* _Problem requirements_
The answer should be each line from the entries below that has the word "urea" in it.

»»

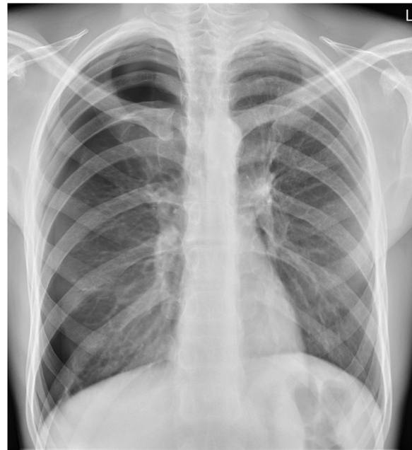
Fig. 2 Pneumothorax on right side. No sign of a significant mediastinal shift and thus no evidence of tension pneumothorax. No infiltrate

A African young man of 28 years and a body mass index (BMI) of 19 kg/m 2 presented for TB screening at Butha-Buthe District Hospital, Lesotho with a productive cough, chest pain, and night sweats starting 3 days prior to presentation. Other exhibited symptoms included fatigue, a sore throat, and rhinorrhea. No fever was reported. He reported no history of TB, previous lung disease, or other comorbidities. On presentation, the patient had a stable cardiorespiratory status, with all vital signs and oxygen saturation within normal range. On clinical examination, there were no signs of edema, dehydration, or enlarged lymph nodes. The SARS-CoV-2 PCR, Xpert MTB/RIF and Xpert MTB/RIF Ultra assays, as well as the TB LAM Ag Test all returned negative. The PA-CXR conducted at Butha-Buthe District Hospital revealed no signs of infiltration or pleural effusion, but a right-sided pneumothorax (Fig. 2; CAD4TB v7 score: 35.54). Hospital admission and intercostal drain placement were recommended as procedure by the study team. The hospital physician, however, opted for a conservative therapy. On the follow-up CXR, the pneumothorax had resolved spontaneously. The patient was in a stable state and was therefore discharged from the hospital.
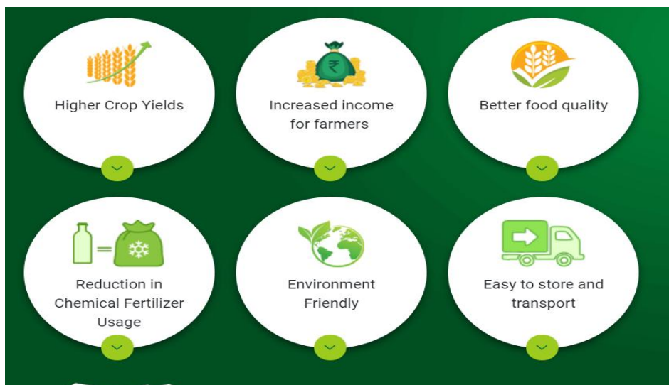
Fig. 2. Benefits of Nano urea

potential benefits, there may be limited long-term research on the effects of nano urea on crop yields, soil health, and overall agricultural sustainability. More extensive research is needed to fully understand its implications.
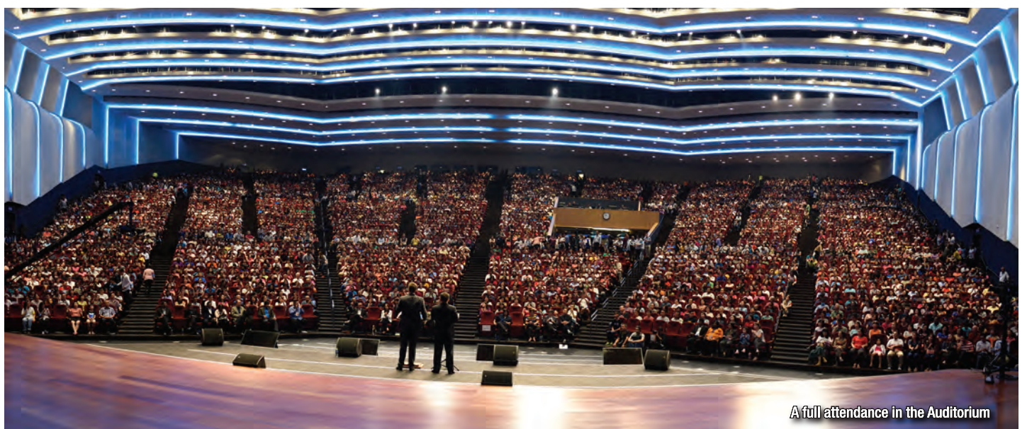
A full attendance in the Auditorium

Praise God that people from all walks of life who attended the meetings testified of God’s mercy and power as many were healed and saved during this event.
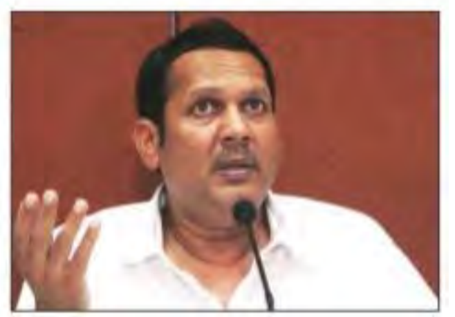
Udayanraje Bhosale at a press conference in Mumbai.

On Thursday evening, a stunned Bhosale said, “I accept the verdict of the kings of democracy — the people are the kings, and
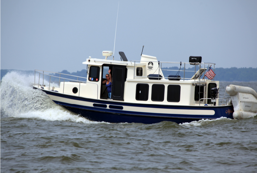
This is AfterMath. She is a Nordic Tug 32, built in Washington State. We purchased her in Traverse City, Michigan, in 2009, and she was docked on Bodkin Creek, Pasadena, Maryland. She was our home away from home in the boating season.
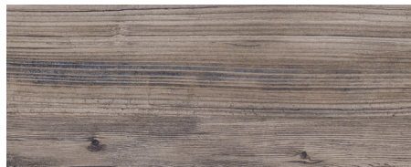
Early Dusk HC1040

««

* _Task response_
Fig. 2. Benefits of Nano urea
potential benefits, there may be limited long-term research on the effects of nano urea on crop yields, soil health, and overall agricultural sustainability. More extensive research is needed to fully understand its implications.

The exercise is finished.